Tuesday, September 16, 2008

Jeffrey Goldberg retails the Bobbit Fallacy

Is Jeffrey Goldberg, in an attempt to expose a fallacy, falling victim to a fallacy? Goldberg relays a report by Steven Coll of a John Kerry dinner party where Brent Scowcroft assered, "Saddam, in fact, was quite well contained. And we had a big problem following 9/11 in dealing with this greater threat of terrorism." Goldberg demurs:
It is an open question, however, whether Saddam was in fact "contained." The sanctions regime was crumbling; the world was tired of keeping Saddam in a box. And as John Kerry himself said in October of 2002, "It would be naive to the point of grave danger not to believe that left to his own devices, Saddam Hussein will provoke, misjudge, or stumble into a future, more dangerous confrontation with the civilized world. He has as much as promised it."
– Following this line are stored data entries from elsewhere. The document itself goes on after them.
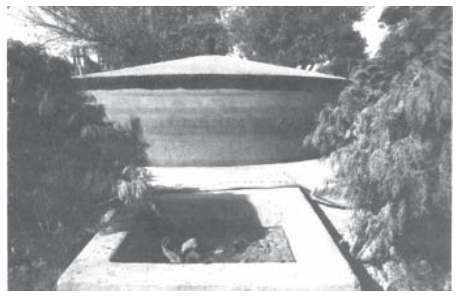
Fig.9.4 Gobar Gas Plant uses cattle dung to produce energy

Wind Power: In areas where speed of wind is usually high, wind mills can provide electricity without any adverse impact on the environment. Wind turbines move with the wind and electricity is generated. No doubt, the initial cost is high. But the benefits are such that the high cost gets easily absorbed.
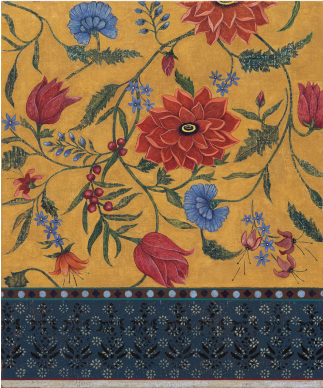
Antonia Munroe Abundantly Blooming Vine , 2022 gouache on linen on panel 18 1/4 x 15 1/4 inches $8,500
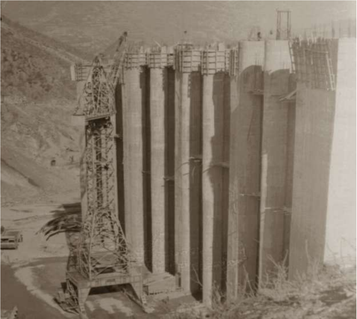
Construction of Intake
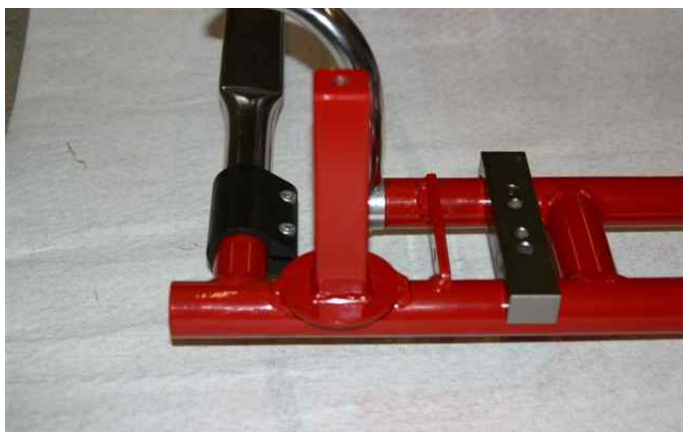
Photo of the frame from the side with the section of the support for the RTPS (Rear Tire Protection System)
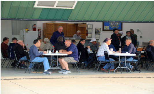
Crowd September 16, 2023

Mailing Address: PO Box 89105 Sioux Falls, SD 57109
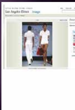
Los Angeles Times
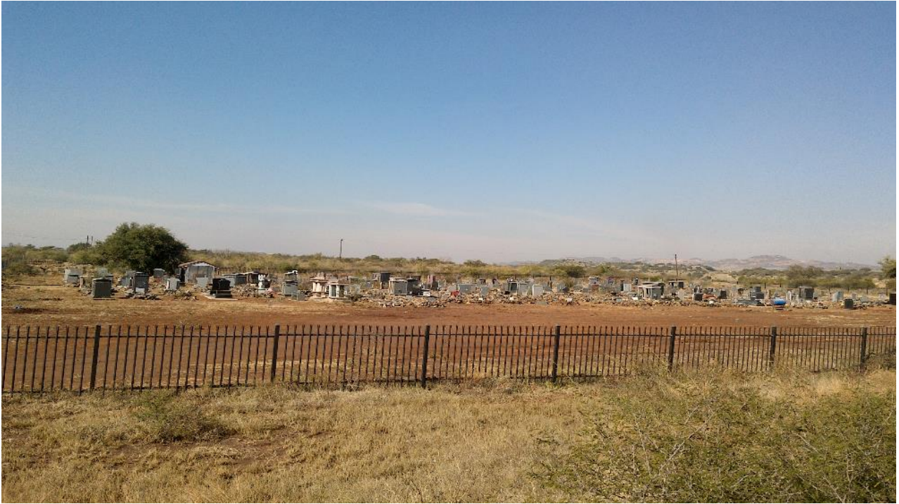
Plate 1. Contemporary graves identified adjacent to the proposed area for processing. These graves should not be disturbed nor tampered with at all and are not the subject of relocation. This graveyard is still used by Rankotea community.
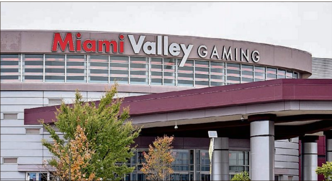
Miami Valley Gaming in Warren County’s Turtlecreek Twp. is proposing a $100 million expansion project, one that could be completed by early 2021. If approved, it would add a 194-room, 11-story hotel, a restaurant and a four-floor parking garage.
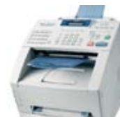
Printers, Copiers, Multifunction Devices
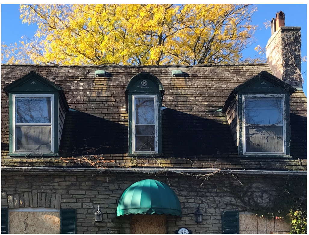
8. Current photograph of 98 Superior Avenue showing the neo-classically inspired dormer window roofs. Note: at the time of writing this report, the property has been boarded up. (Heritage Planning, 2020)

But let's assume it was true that Saddam was actually contained in early 2003. Does this mean that he would have remained contained in 2004? Here, Scowcroft falls victim to Parmenide's Fallacy, which occurs when a policymaker considers the merits of a particular proposal by judging it against its current context, rather than by what might occur in the future if the proposal isn't acted upon. In the words of Phillip Bobbitt, "indefinitely extending the present is never a realistic option." Just because Saddam was contained in 2003 (assuming he was) has no bearing on whether he would have been contained in 2004 or 2005.
Is it true that "indefinitely extending the present is never a realistic option"? Depends, I guess, on what your definition of "present" is. The U.S. contained Soviet expansion for forty years until the Soviet Union imploded, relatively peacefully; conditions, tasks and tactics changed many times within that space. Saddam had maybe five-fifteen years to go. And "containment" does not necessarily mean "indefinitely extending the present." The pressure Bush applied to Saddam and to the world in fall 2002 was effective; renewing invasive inspections was a terrific idea. But the case against "indefinitely extending the present" does not amount to a case for invading every country where we consider the status quo unsustainable.

1 comment:

  1. i think you need to keep separate the questions of whether it made sense to go to war, and whether there was a reasonable expectation that contaiment (of what, exactly?) could continue until Saddam died or was ousted. My view is that it was pretty clear, based on the sentiments of the French and Germans, among others, that sanctions were on the way out. The oil-for-food thing would probably have been the death knell, showing what a sham the sanctions-related situation had become.

    Given that the US was not going to have 150K troops sitting on Iraq's border for years, I think the fair question was whether the prospect of Saddam uncaged in 2-3 years was dangerous enough to justify an invasion. Obviously the answer is relatively clear now, but I'm not sure it was then - at least in the post-9/11 mental fury.